Его лизоблюды не только не отстают от своего широко зашагавшего благодетеля, но превосходят его, пользуясь на своих на своих новых местах, как удаленностью от Москвы, так и полной своей безнаказанностью. Повсюду в Московском великом княжестве становится правилом наглое, бесстыдное, откровенное утеснение посадских людей, землепашцев, звероловов и рыбарей беззаконным данями, измышленными поборами и обложениями, вымогательство даров от богатых и безденежной работы от бедных. Повсюду поощряются доносчики и доносы, в судах возобновляются давно покрытые пылью дела и злостно заводятся новые, единственно ради взимания пошлин и взяток суду. В Пскове, где усердствуют Андрей Шуйский и Василий Репнин-Оболенский, жители пригородов стараются как можно реже наведываться в посад, именуя его вертепом разбойников, а самые несмиренные, бойкие сбегают с родной стороны, пользуясь близостью литовской украйны, так что пустеют псковские торжища и даже монастыри.

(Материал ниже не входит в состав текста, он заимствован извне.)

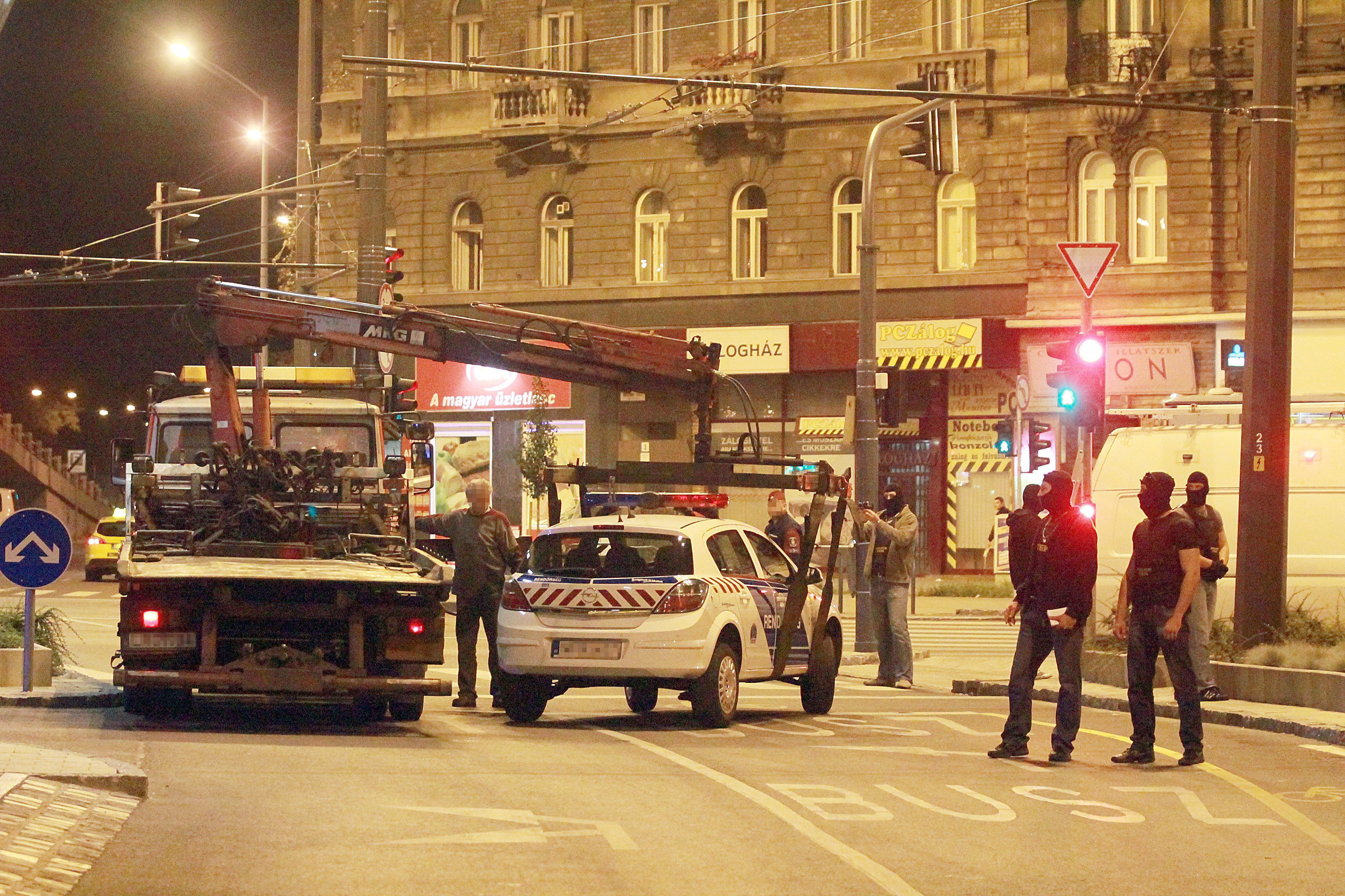 Elszállítanak egy rendõrautót Budapesten, a Baross téren, ahol a Központi Nyomozó Fõügyészség (KNYF) felkérésére szolgálatban lévõ rendõröket fogtak el a Terrorelhárítási Központ munkatársai 2014. szeptember 19-én hajnalban. Az MTI úgy tudja: a TEK azokra a rendõrökre csapott le, akik korábban a Baross téren elfogták azt a férfit, aki egy embert megsebesített, többeket pedig megfenyegetett riasztópisztollyal a fõváros VII. kerületében.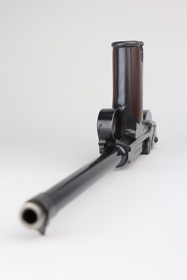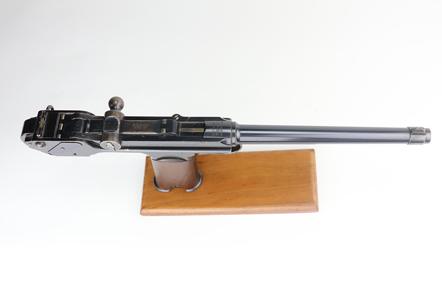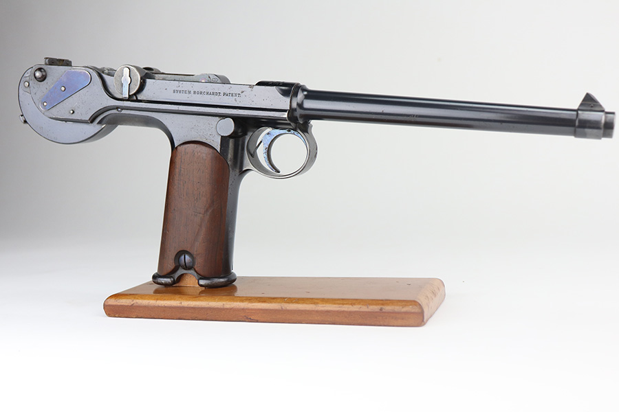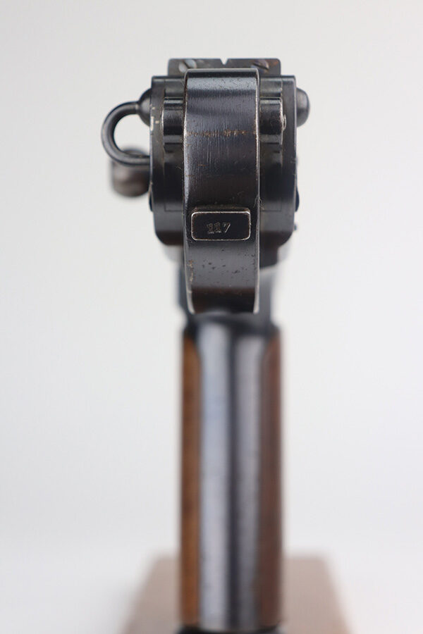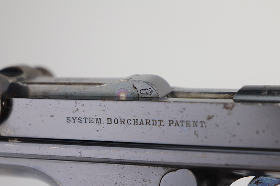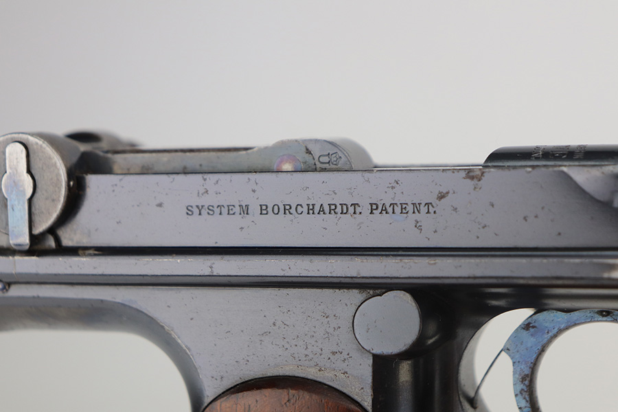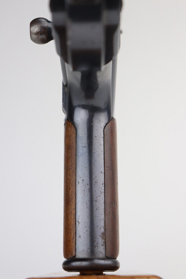 6/3/21 – This is an excellent example of the very rare and iconic Borchardt C-93 as manufactured by Loewe & Company of Berlin. The Borchardt pistol employed the unique toggling breech mechanism which was eventually adopted and refined by George Luger and was used for the production of the Luger P.08 pistol. It’s one of only 1,100 manufactured, and presumably only a couple dozen such examples still exist in such condition. It’s all matching and original, including the magazine. There is minimal bluing loss, with nearly all of it on the toggle mechanism. There is minor surface oxidation in several other areas though. Bore is shiny with pronounced rifling but there is some frost and freckling in the grooves. The only part we are unsure on is the slab style grips, as we haven’t seen other examples with this style (others were checkered). These grips are properly machined with several appropriate cutouts to fit the frame design of the C-93, so it’s possible they are original but we can’t say for certain. NOTE: A helpful customer has shown us another example of these grips on a pistol only 20 serial numbers off from this one, so we now believe they are period original and a rare variation.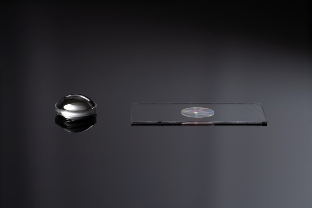 メタレンズは、ガラス表面に光の波長より小さい柱状構造であるメタアトムを配置し、光の進行を制御する技術を用いたレンズ。従来は1センチ以上の厚みが必要だった光学レンズを、1ミリ以下まで薄型化できる点が特長となる。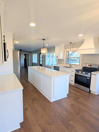 Offers great space and a flowing layout with lots of natural light. Spacious living room upon the beautiful front door entry, and a cozy family room with gas log fireplace tucked in the rear of the house. The dreamy kitchen is well appointed with a large island with quartz tops as the centerpiece, surrounded by new cabinetry, new appliances, a pantry, and an impressive stove hood. The kitchen opens to the dining which is great for supper time or entertaining. Master suite has a relaxing tiled shower, double vanity, and two closets. Separate large laundry with cabinets and granite leathered counters. Upstairs space is a 2 Bedroom and a Full Bathroom Attached 2 car garage. Detached 3 car garage. 4 Bay shed, plus RV bay. Buildings are equipped with electricity and water spickets. Paved drive. The home sits perfectly on the flat 5.6 Acres for optimal use. Being located just outside the city limits in the county is perfect and still makes for quick access to major highways and shopping.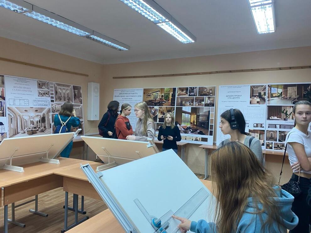 Как рассказала преподаватель направления «Дизайн интерьера» Ольга Соколова, на последней защите дипломов один из членов комиссии отметил, что уровень работ выпускников института значительно вырос с прошлого года и схож с уровнем бакалаврских дипломов петербургских университетов. Увидеть выпускные работы – например, дизайн-проект ресторана в стиле арт-деко по улице Чкалова – можно было в актовом зале после окончания экскурсии.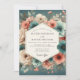 A rich tapestry of deep teal blooms intertwines with soft coral and cream blossoms. This design evokes a feeling of vintage charm and deep romantic sentiment, perfect for a memorable occasion.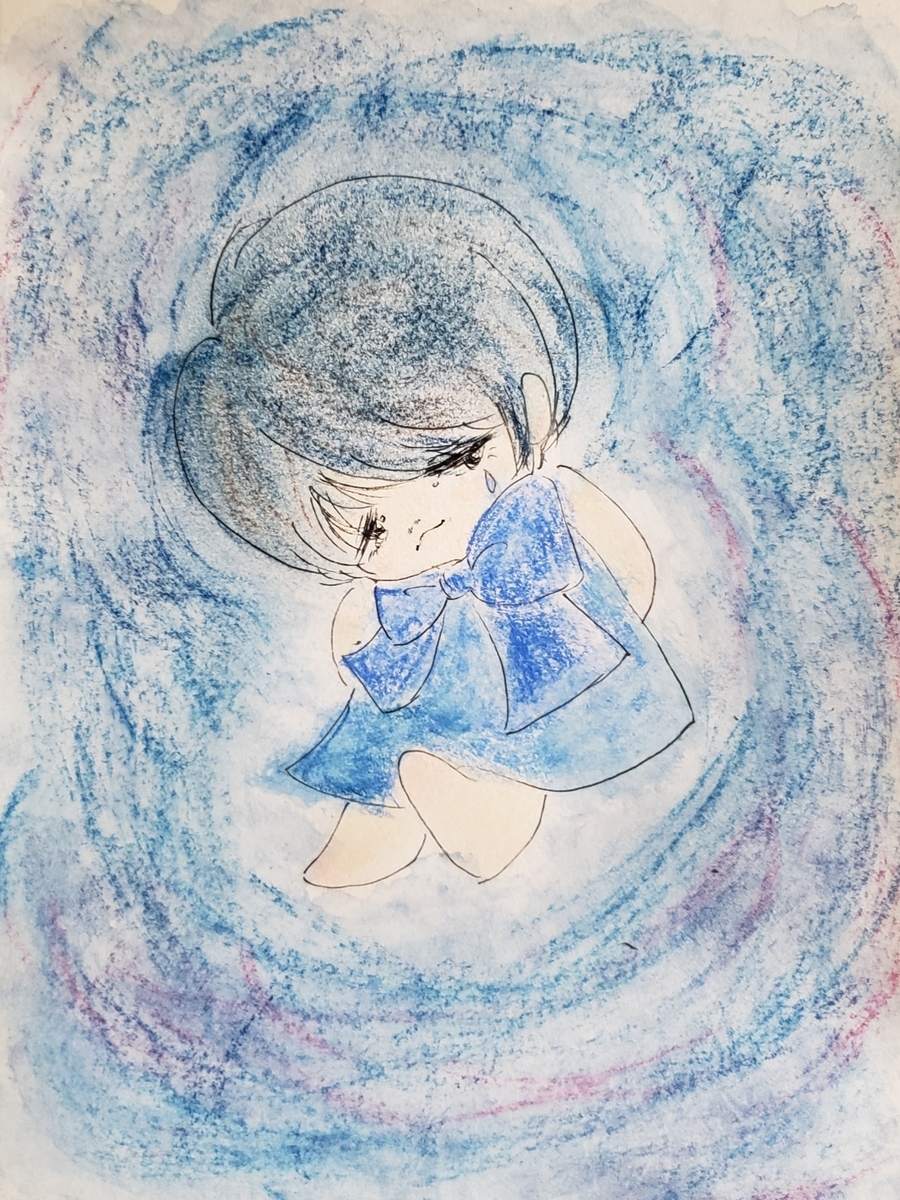 先に描いた怒りの子以外の私の中に住む子ら、悲しみの子と、元気な子、穏やかな子を描いてみた。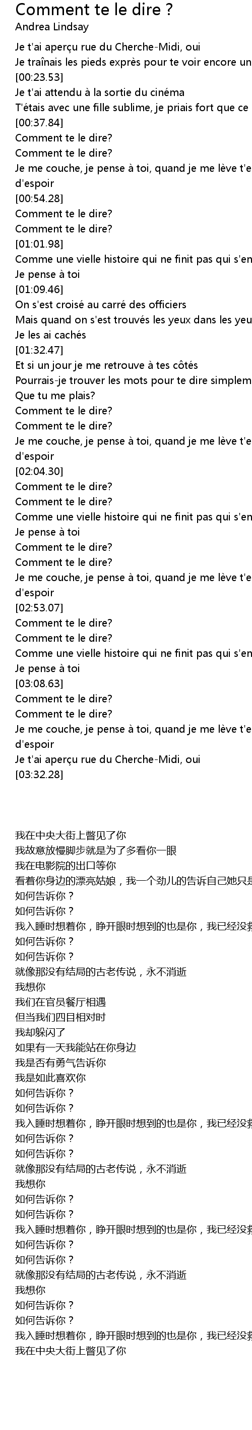 | [00:08.34] | Je t'ai aperçu rue du Cherche-Midi, oui |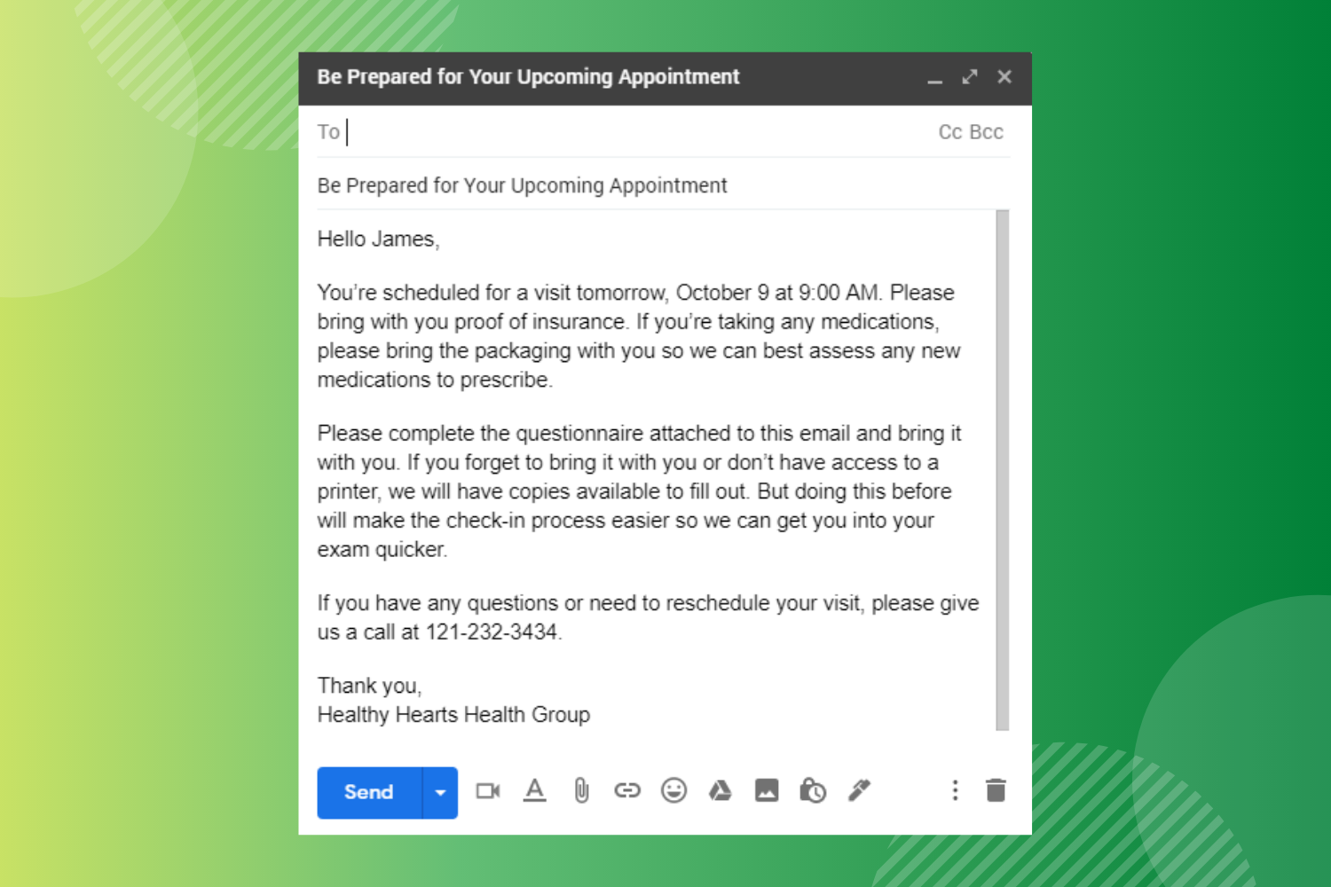 Free Patient Check Up Doctor Appointment Reminder Letter Template To Edit Online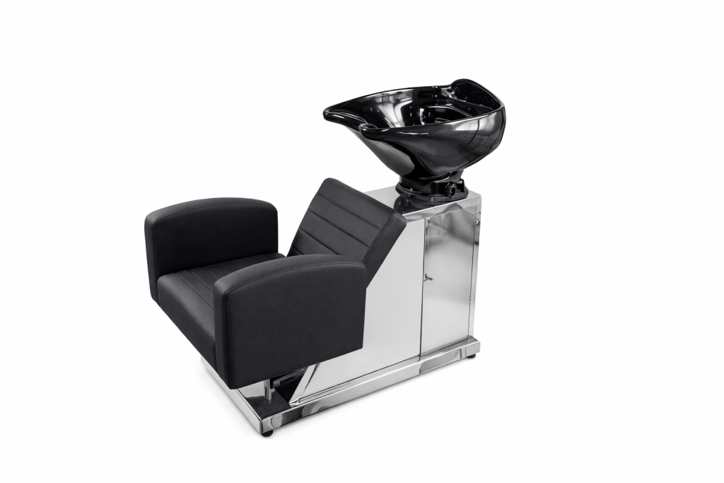 Lava cabezas en Acero tapizado en Cuerotex, Poceta en Porcelana.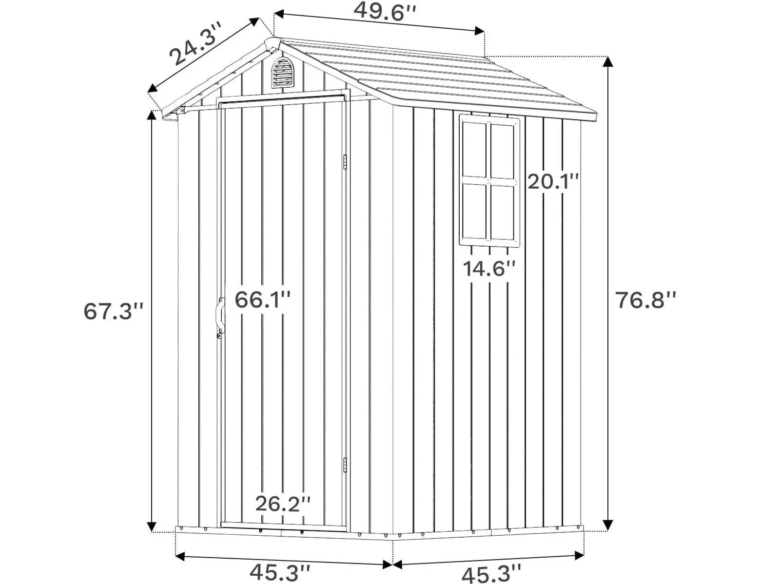 Our 4x4 plastic shed offers excellent ventilation, moisture resistance, and a sloped roof for drainage. With sturdy door handles and a lockable design, it provides easy access and security.

Повсюду расхватываются черносошные, то есть казенные земли и закрепляются в вотчинную или поместную собственность. Понемногу принимаются и за дворцовые земли, личное достояние великого князя, нанося ощутимый ущерб не одному благосостоянию, но и чести его. Кормление своим расхищением земства умножается вдвое, а в иных посадах и втрое и вчетверо. Мздоимство растет, как грибы. За щедрое подношение выдаются тарханные грамоты, которые освобождают владельца от всех повинностей, даней и пошлин, сперва выдаются лично князем Иваном Васильевичем и его прихлебателями, а затем кем попало, в том числе казначеями и дворецкими, которые ведают посады и волости, и не в последнюю очередь, вопреки убеждениям нестяжателя Иоасафа, такие грамоты преобильно выдаются монастырям, и монастыри, быстрехонько разобравшись в разыгравшемся разграблении Русской земли, устремляются прибирать земли и рыбные ловли, принадлежащие черносошным землепашцам, звероловам и рыбарям, разрастаясь в богатейшие вотчины с такими доходами, какие получает не каждый боярин и князь.

Таким образом, разорение землепашцев, звероловов и рыбарей, которые по-прежнему в своем большинстве сохраняют свободу, как и разорение посадских людей, которые первыми попадают под тяжелую руку наместника и волостеля, достигает той предельной черты, когда им нечем становится жить. Каждому из них приходится выбирать: либо пуститься в бега, либо искать защиты у богатых и сильных, способных, коль что, задать перцу бедным и слабым. Вот почему не может быть ничего удивительного в том, что именно с этого безобразного, беззаконного времени всё чаще снимаются с насиженных мест и посадские люди, и землепашцы, и звероловы, и рыбари и скрываются в нехоженых дебрях, благо Русская земля велика и обильна и в большей своей части ещё не принадлежит никому.

Натурально, в бега, как водится, пускаются самые энергичные, предприимчивые, подвижные, сильные, способные в любом месте одним топором свалить лес, расчистить участок в две, а то и в три десятины под пашню, поставить избу, пристроить загон для скота и зажить как ни в чем не бывало, на полной волюшке, так любой русскому человеку, не видя больше в глаза ни господина, ни сборщика, не платя ни полушки в сундук удельного и даже великого князя. Те, кто поспокойней, слабей, обременен семьей или не надеется на себя, перебираются с черных земель и поместий мелких служилых людей в богатые вотчины князей и бояр, которые волшебной силой жалованных грамот освобождены от даней и пошлин, а вооруженными слугами защищены от поборов наместников и волостелей, арендуют пашни и ловища боярина или князя за четверть, треть или половину дохода и тоже приобретают пусть поскудней, но всё же возможность прокормить себя, жену и детей. Зато пустеют пашни и ловища великого князя и служилых людей, всё меньше доходов получает казна, всё слабей становится дворянское ополчение, защита и опора Московского великого княжества, иной защиты и опоры пока что у него не предвидится.